Filippo de Pisis
Filippo de Pisis Luigi Filippo Tibertelli de Pisis (Ferrara, 11 maggio 1896 – Milano, 2 aprile 1956) è stato un pittore e scrittore italiano, uno tra i maggiori interpreti della pittura italiana della prima metà del Novecento.
Biografia
De Pisis inizia adolescente a scrivere poesie, ma si dedica anche allo studio della pittura sotto la guida del maestro Odoardo Domenichini nella sua città natale, Ferrara, ed è proprio la pittura in seguito a portarlo a vivere una vita avventurosa, appassionata in varie città sia italiane Roma, Venezia e Milano, sia europee Parigi e Londra.

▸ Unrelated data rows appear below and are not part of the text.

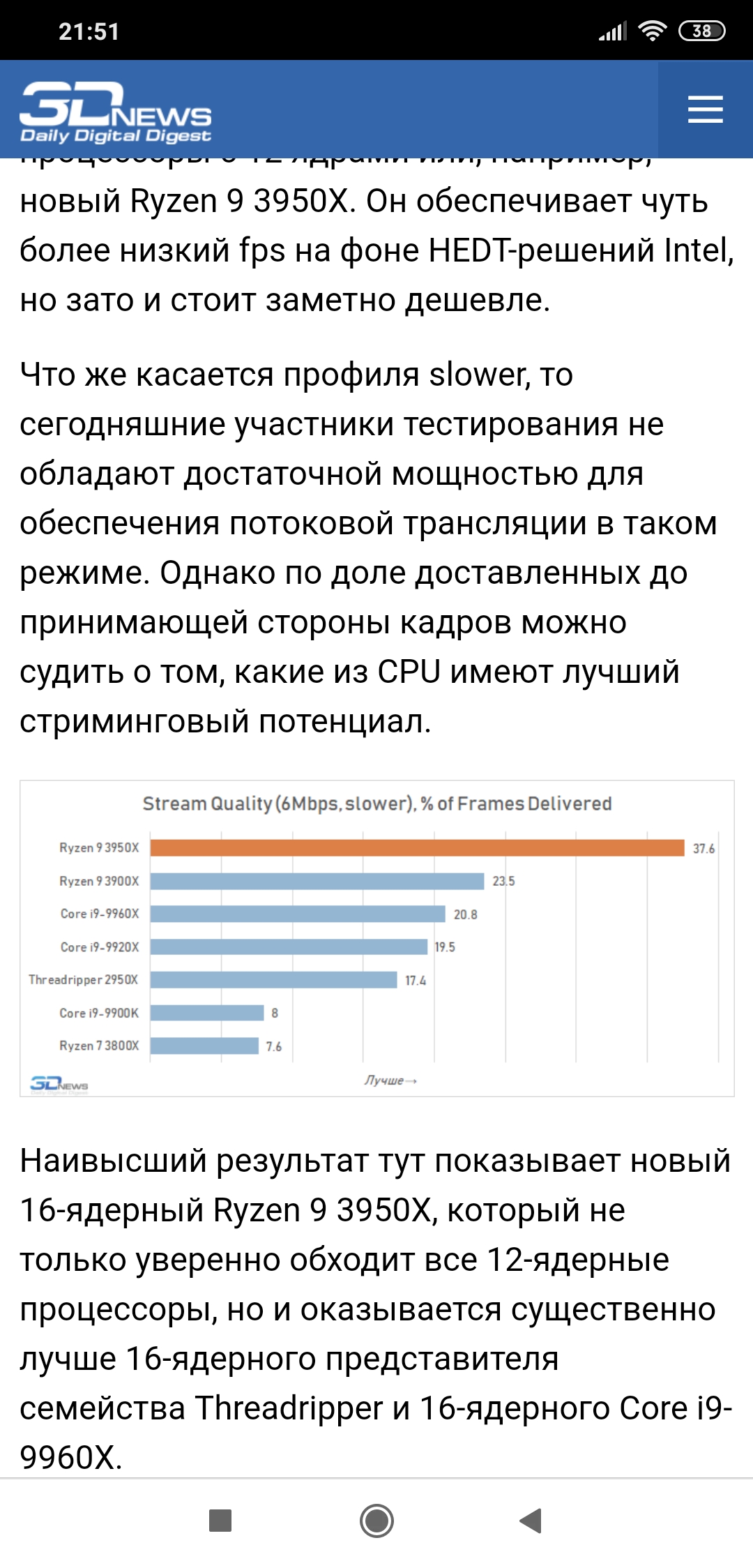 Обидно)) а что вытянет? 3900х, или уже только 3950х брать? И что может кодировать тот же slower и placebo? А если попробовать замахнуться на 2к с этими пресетами? Просто инфы вообще нет в инете конкретной, простите, что мучаю, зато потом люди увидят эту ветку, и найдут ответы)) Я просто смотрел еще тесты на 3dnews, они там писали, что 9900к спокойно вывозит и игру и стрим на слоу, но что-то мне уже не верится в это))) И, что будет лучше внешне, medium+high+ландшот в 1080, против slow+main+бикубический в 1080? Мне кажется, slow очень сильно прибавляет, или мне показалось? И, что будет лучше тот же слоу не на максималках в 1080, или медиум, но с апскейлом до 2к?
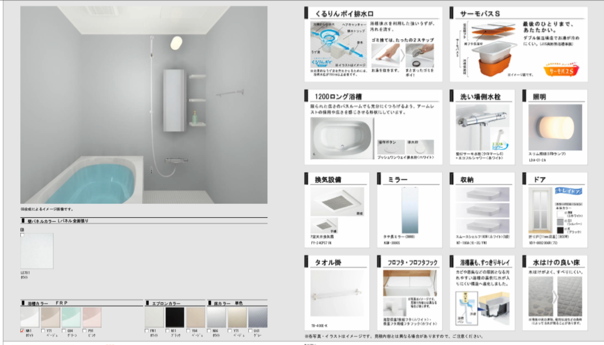 ②ユニットバス:リクシル リノビオP【1216サイズまで】※壁カラーは限定設定です。
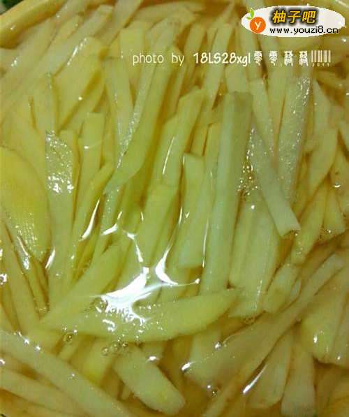 土豆去皮洗净后,切成粗一点的土豆条,用清水浸泡片刻后,控干水分;
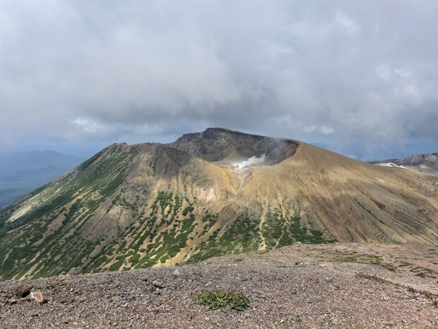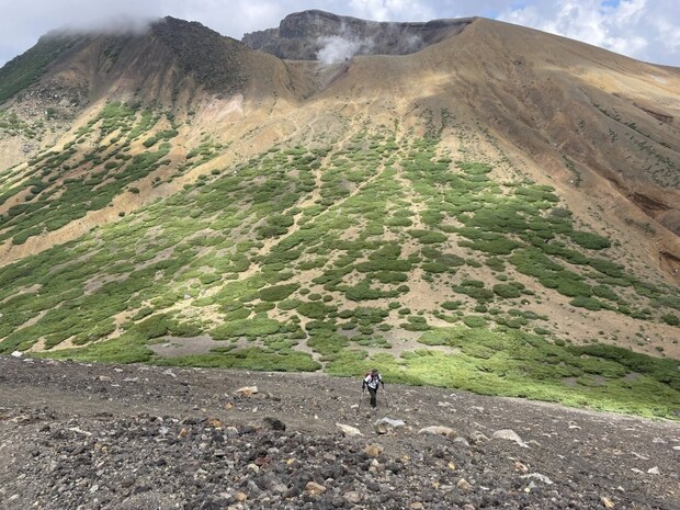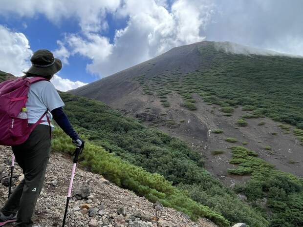ジグザグの登山道を登っていくと、後ろには雌阿寒岳の迫力ある姿を見ることができます。

Nel 1915 incontra De Chirico e il fratello Alberto Savinio a Ferrara per il servizio militare e nel 1917 Carlo Carrà. Conosce e si entusiasma rimanendo suggestionato del loro modo di concepire la pittura e, inizialmente, ne condivide lo stile metafisico ma poi brevi soggiorni a Roma e a Parigi all'inizio degli anni venti gli aprono nuovi orizzonti pittorici. Inizia a rielaborare un suo stile fatto di suggestioni e soggetti del tutto originali, dove il tratto pittorico diventa spezzato quasi sincopato che Eugenio Montale definì "pittura a zampa di mosca".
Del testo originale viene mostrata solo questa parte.